California employees accused of theft are sometimes presented with a horrible choice by their employers: Either confess to the alleged theft, agree to pay us back. or face criminal charges. Even innocent employees might well respond by signing an agreement to repay, especially if its on monthly terms. So the question is whether the employer is within its rights in threatening criminal action against the employee. Should you sign it or not?
In California, our Penal Code prohibits extracting written agreements or promises to pay (employee or not) based on the threat of force or fear. Several cases have established that threatening criminal action is reliance on fear. The employer’s good faith belief in whether or not theft occurred is not legally relevant. So, even an employee who has occasionally stolen from an employer may sue for extortion. California specifically recognizes a private cause of action called “Civil Extortion”, and it is based on the requirements of Penal Code 518. If “consent” is obtained by force or fear, then we have extortion.
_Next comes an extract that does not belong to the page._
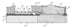 DETAILED DESCRIPTION OF THE INVENTIONAs illustrated with approximately 3000× magnification inFIG. 1 and other relevant drawing figures, a single inkjet nozzle device is shown as a portion of a chip that is fabricated by integrating MEMS and CMOS technologies. The complete nozzle device includes a support structure having asilicon substrate20, a metaloxide semiconductor layer21, apassivation layer22, and a non-corrosive dielectric coating/chamber-defininglayer23.
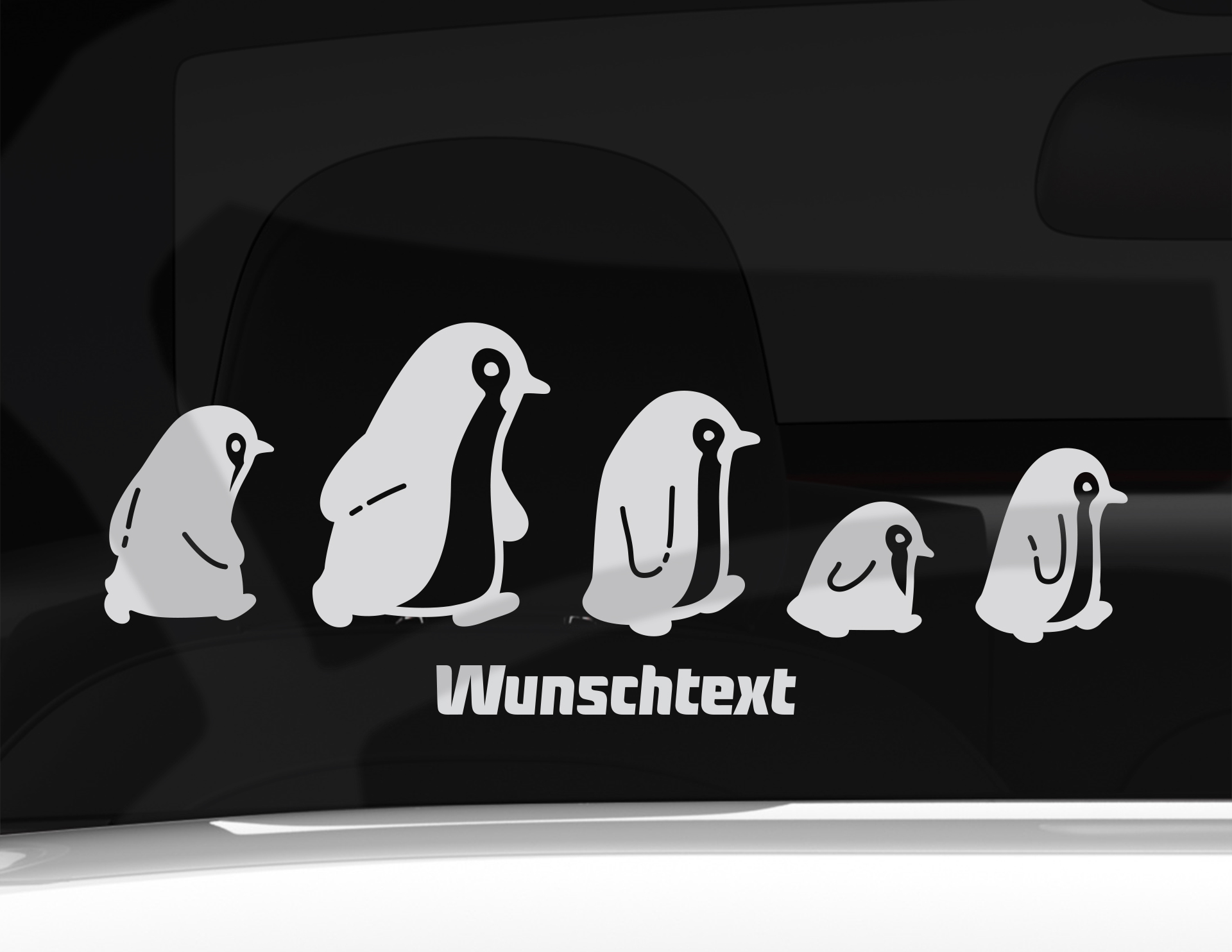 In einer Reihe! Kommt Familie Pinguin daher und macht selbst vor Heckscheiben, Türen oder Lackflächen nicht halt. Denn diese süßen Frack-Träger watscheln einfach drauf los und lassen sich auch nicht von Eisbären, Schnee oder Kälte abschrecken. Unser Tipp: Der Autoaufkleber Pinguin Familienausflug hat genug Platz für Wunschnamen und kann außerdem editiert werden – je nachdem wie viele Familienmitglieder es gibt. Einfach zuschneiden und fertig!

Whether or not money is actually paid is irrelevant.
In a recent case in this office, we had a food establishment falsely claiming theft by servers, followed by their termination and demands for restitution or “criminal prosecution will follow”. We advised each client to revoke the agreements to repay as products of duress and filed suit to void the agreements and for damages for the accompanying slander (termination paperwork said “terminated for theft”) and emotional distress resulting from the demand.